Data items:
=======

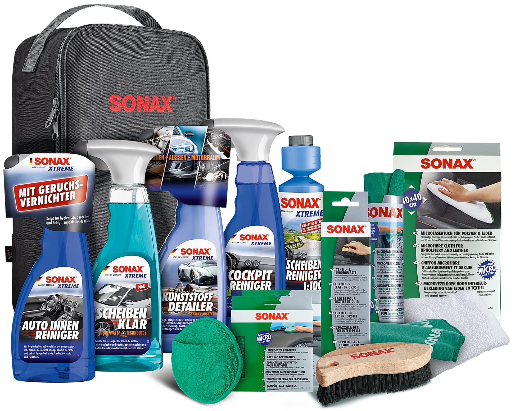 SONAX Innenraum+Scheibe-Set 11-tlg. & Microfaser Felgenbürste
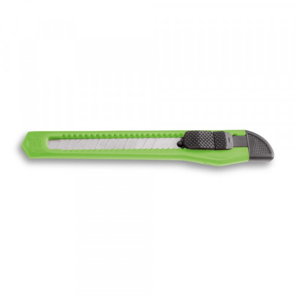 Teppichmesser mit abtrennbarer Feststellklinge, um die Sicherheit zu gewährleisten. Die Feststellklinge ist am oberen Ende einstellbar. Erhältlich in unterschiedlichen Farben. 130 x 20 x 8 mm
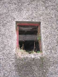 Attached five-bay four-storey warehouse, c.1850, originally detached with two-bay three-storey side elevations. Now disused and derelict. Hipped slate roof with iron ridges, pitched corrugated-iron-clad vent to apex, and cast-iron rainwater goods on rendered eaves. Unpainted roughcast walls over random rubble limestone construction. Square-headed window openings with no sills, and remains of timber fittings with some having wrought iron bars. Set in own grounds perpendicular to road with side (south) elevation fronting on to road.
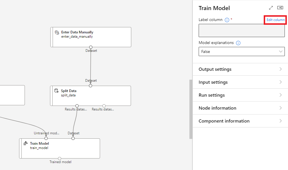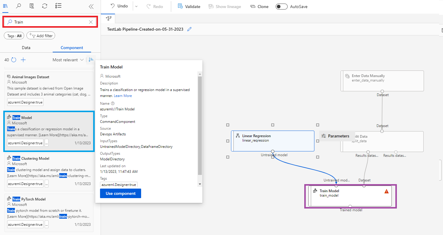 - 컴포넌트 검색창에 @[Train]@을 검색한 후, @[Train Model]@ 컴포넌트를 끌어온다. 그리고 아래 그림처럼 @[Split Data]@ 컴포넌트와 @[Linear Regression]@ 컴포넌트를 @[Train Model]@ 컴포넌트에 연결해준다.
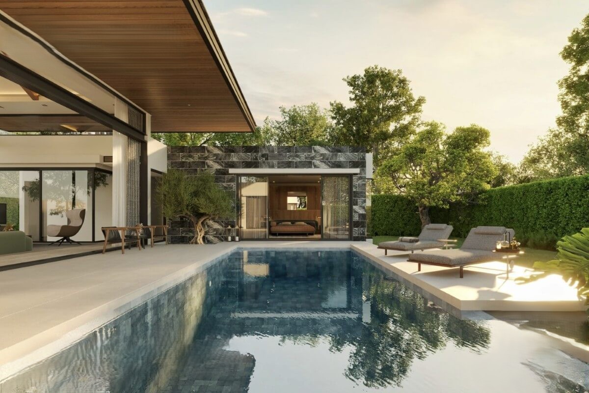 Private pools range from 31.50 sqm to an expansive 63 sqm, complemented by poolside terraces designed for loungers. Pools sit either within the U-shaped villa layout for direct access or slightly forward to allow for larger sizes and more complete sala areas.
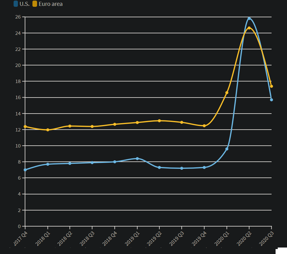 Στο τέλος του τρίτου τριμήνου του 2020, το μέσο ποσοστό αποταμίευσης στις ΗΠΑ βρισκόταν στο 15,7%. Αν και χαμηλότερα από το ρεκόρ του 25,8% στην αποκορύφωση της πανδημίας, είναι πολύ υψηλότερο από το αντίστοιχο ποσοστό πριν από το 2020.
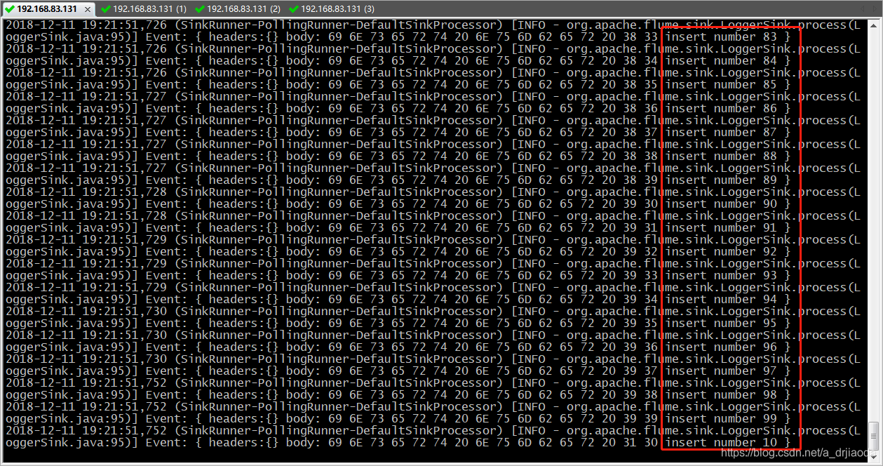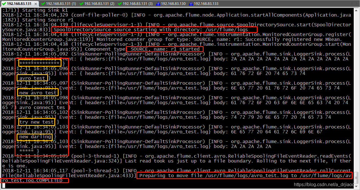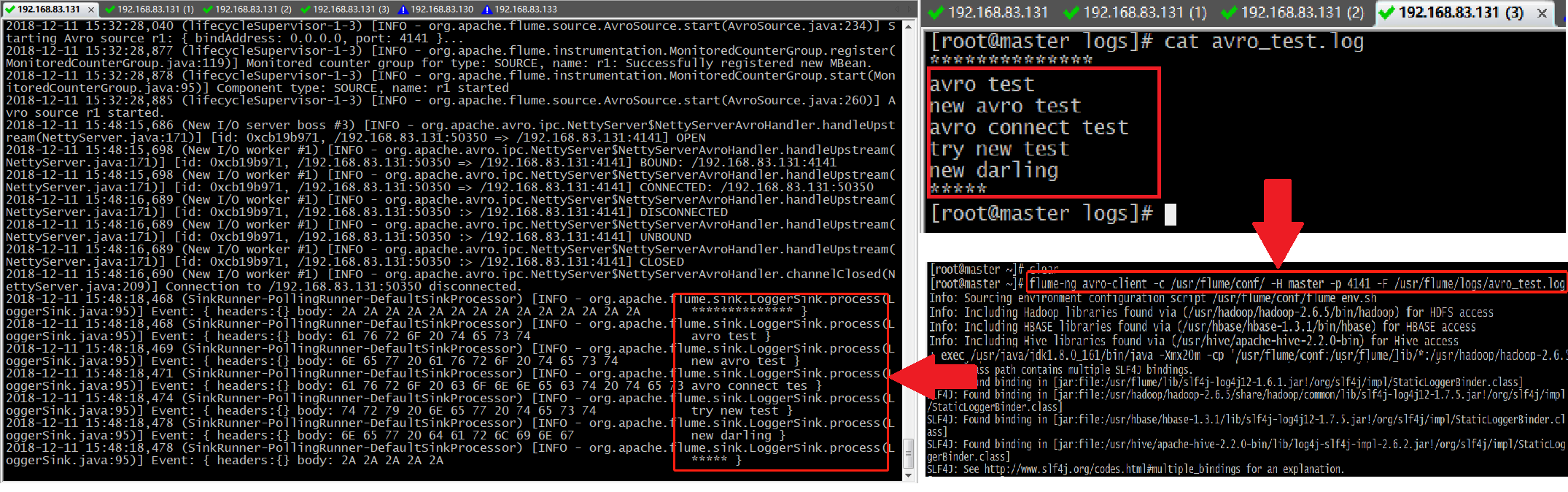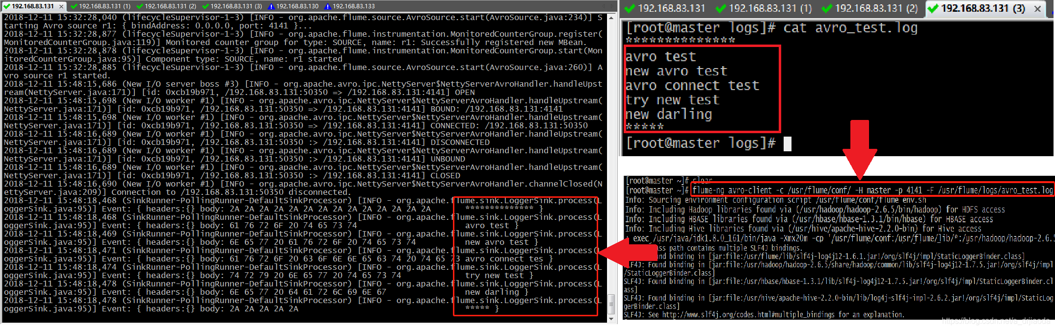 [root@master ~]# flume-ng avro-client -c /usr/flume/conf/ -H master -p 4141 -F /usr/flume/logs/avro_test.log5、最后我们来查看一下结果,在运行上面的命令之后,agent界面中会显示avro_test.log中的文件内容,下图的字比较小,为了更好的理解,我把几张图拼在一起。
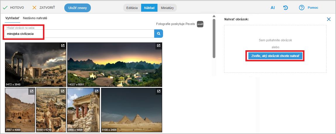 Ak máte vhodný obrázok k téme pripravený na svojom lokálnom počítači, zvoľte pravú možnosť. Ak obrázok nemáte, môžete použiť integrovaný vyhľadávač, ktorý je v ľavej časti obrazovky.

=======

### Work to be completed
An exact reproduction of the data above is required, with every picture removed.

### Task response
 SONAX Innenraum+Scheibe-Set 11-tlg. & Microfaser Felgenbürste
 Teppichmesser mit abtrennbarer Feststellklinge, um die Sicherheit zu gewährleisten. Die Feststellklinge ist am oberen Ende einstellbar. Erhältlich in unterschiedlichen Farben. 130 x 20 x 8 mm
 Attached five-bay four-storey warehouse, c.1850, originally detached with two-bay three-storey side elevations. Now disused and derelict. Hipped slate roof with iron ridges, pitched corrugated-iron-clad vent to apex, and cast-iron rainwater goods on rendered eaves. Unpainted roughcast walls over random rubble limestone construction. Square-headed window openings with no sills, and remains of timber fittings with some having wrought iron bars. Set in own grounds perpendicular to road with side (south) elevation fronting on to road.
 - 컴포넌트 검색창에 @[Train]@을 검색한 후, @[Train Model]@ 컴포넌트를 끌어온다. 그리고 아래 그림처럼 @[Split Data]@ 컴포넌트와 @[Linear Regression]@ 컴포넌트를 @[Train Model]@ 컴포넌트에 연결해준다.
 Private pools range from 31.50 sqm to an expansive 63 sqm, complemented by poolside terraces designed for loungers. Pools sit either within the U-shaped villa layout for direct access or slightly forward to allow for larger sizes and more complete sala areas.
 Στο τέλος του τρίτου τριμήνου του 2020, το μέσο ποσοστό αποταμίευσης στις ΗΠΑ βρισκόταν στο 15,7%. Αν και χαμηλότερα από το ρεκόρ του 25,8% στην αποκορύφωση της πανδημίας, είναι πολύ υψηλότερο από το αντίστοιχο ποσοστό πριν από το 2020.
 [root@master ~]# flume-ng avro-client -c /usr/flume/conf/ -H master -p 4141 -F /usr/flume/logs/avro_test.log5、最后我们来查看一下结果,在运行上面的命令之后,agent界面中会显示avro_test.log中的文件内容,下图的字比较小,为了更好的理解,我把几张图拼在一起。
 Ak máte vhodný obrázok k téme pripravený na svojom lokálnom počítači, zvoľte pravú možnosť. Ak obrázok nemáte, môžete použiť integrovaný vyhľadávač, ktorý je v ľavej časti obrazovky.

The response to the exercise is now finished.